225k views
3 votes
What makes poetry special, if it is special? That is, how is it different from other forms of language such as everyday speech, fiction, nonfiction in print, the dialogue in a play, or the wording used in advertisements? Is the language in one genre of poetry more like that of another genre or more like language that you find outside of poetry?

Think about one or more ways people use language, and compare it to the language you find in poetry. Discuss why language seems to take different forms, or why it makes sense to categorize it by form, situation, medium, purpose, and audience, for example.

User Cathrine
by
7.3k points

1 Answer

4 votes
Poetry is special because it presents a language that is distinctly opposed to the regular, everyday, conversational language whose only purpose is communication.
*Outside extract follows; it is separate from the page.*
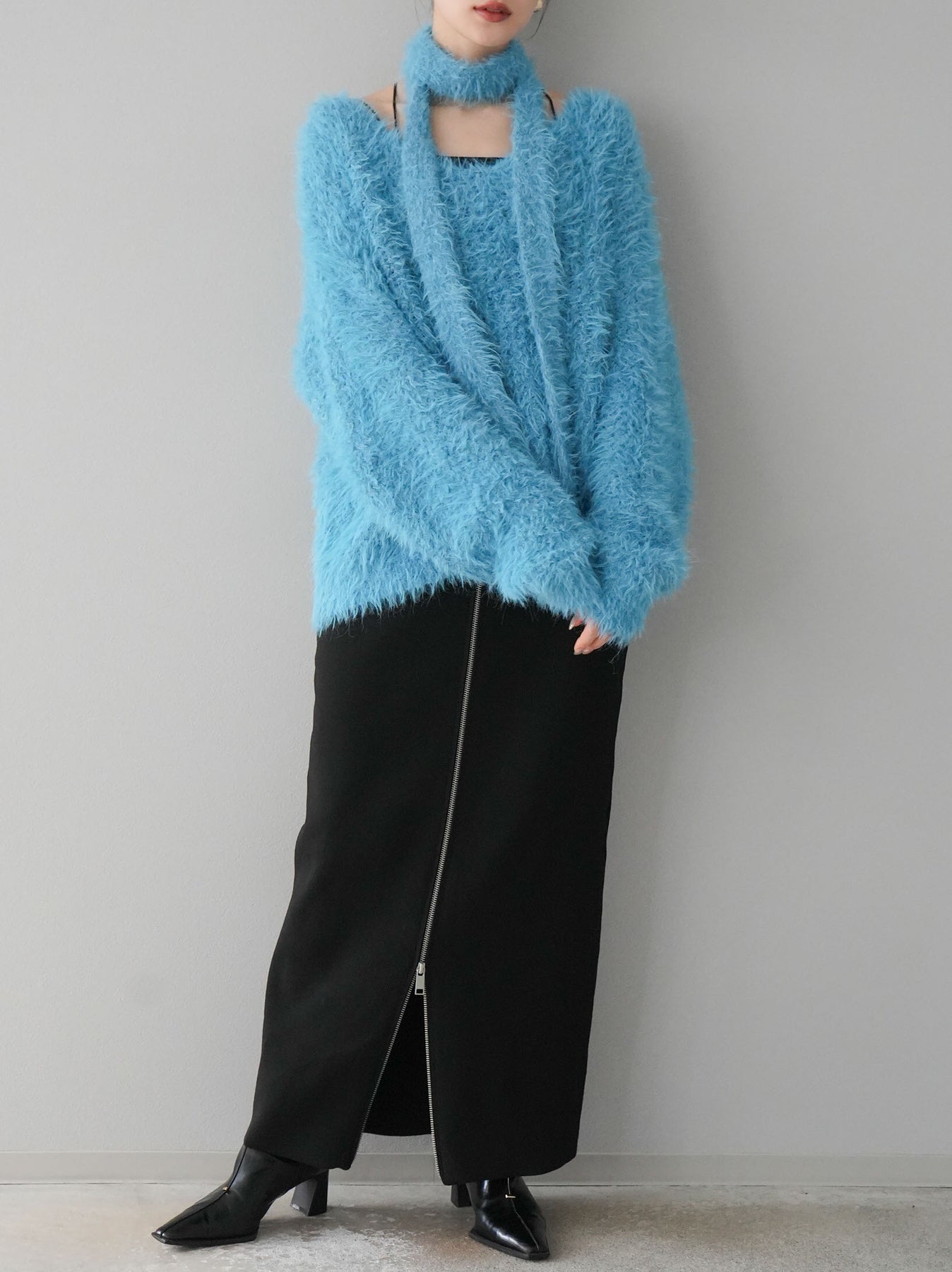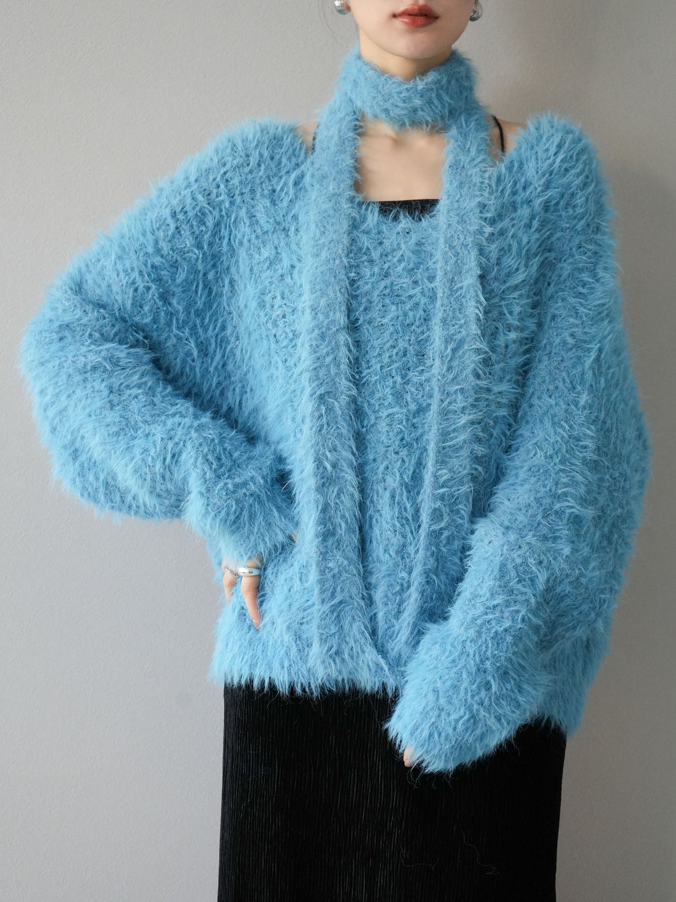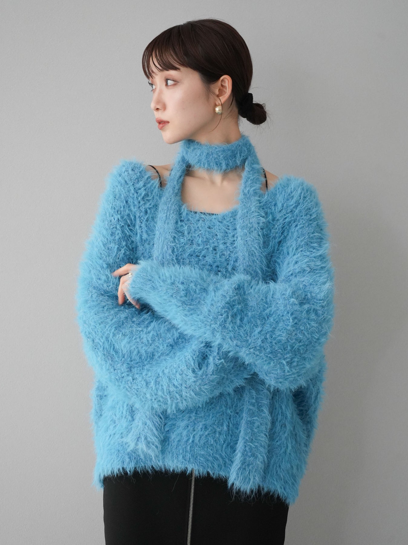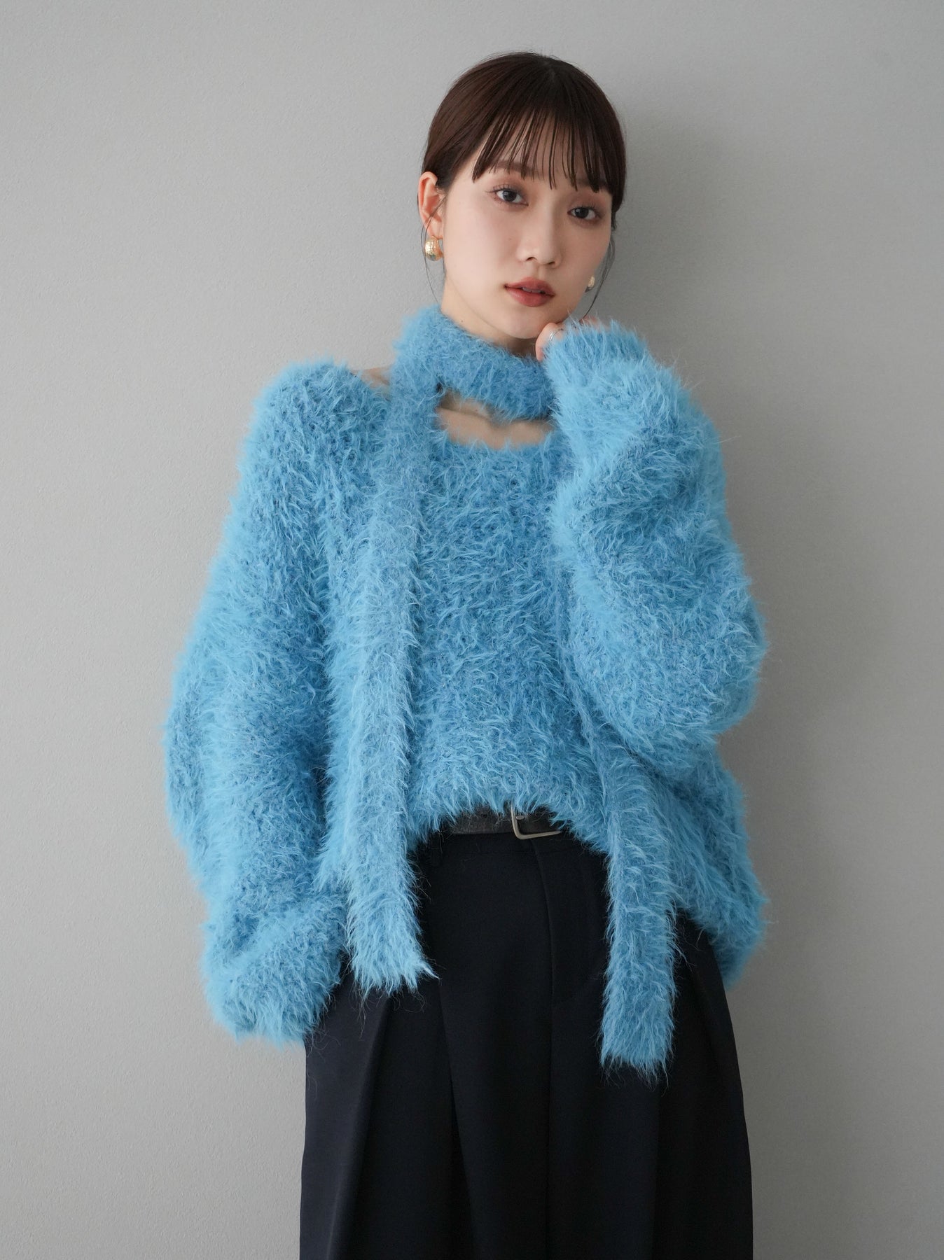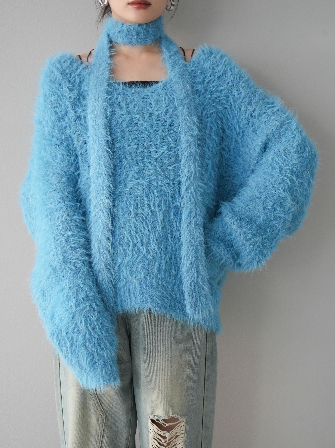 商品配有柔軟的混合紗線毛絨針織物和披肩。採用輕鬆和溫暖的設計,這是秋冬季節的完美單品。可以輕鬆搭配從休閒到優雅的各種風格,並擴大您的搭配選擇範圍。 ※除下裝、吊帶背心(內衣)以外的商品均為標準品,不含內衣。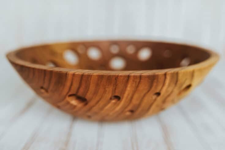 A wooden fruit bowl from Holland Bowl Mill makes an excellent gift because it combines craftsmanship, functionality and timeless style. The bowls are crafted in the U.S. from solid hardwoods (walnut, cherry etc.) and one model features air-circulation holes to help fruit stay fresh longer.

Even when it is modern, free-verse poetry, it is detached from the "common" use of language because it is always highly deliberate, measured according to its inner structure, determined by the rules (or even by the lack thereof). In a speech, fiction, nonfiction in print, or play, language has a certain function - to convey a message, to achieve a purpose, to engage a reader to do something, to inform. Poetry can have any of these functions, and much more, as it always creates a separate world where every letter, word, line, stanza, or any other form has an internal artistic role within the whole.

Language is very flexible, and poetry shows this perhaps better than any other form of writing. You can write a sonnet with a mathematically firm structure and precise rhythm, or write a free-verse poem without punctuation and capital letters - it can bear any burden that you decide to lay upon it. It is the most liberal and the most constrained art form, at the same time.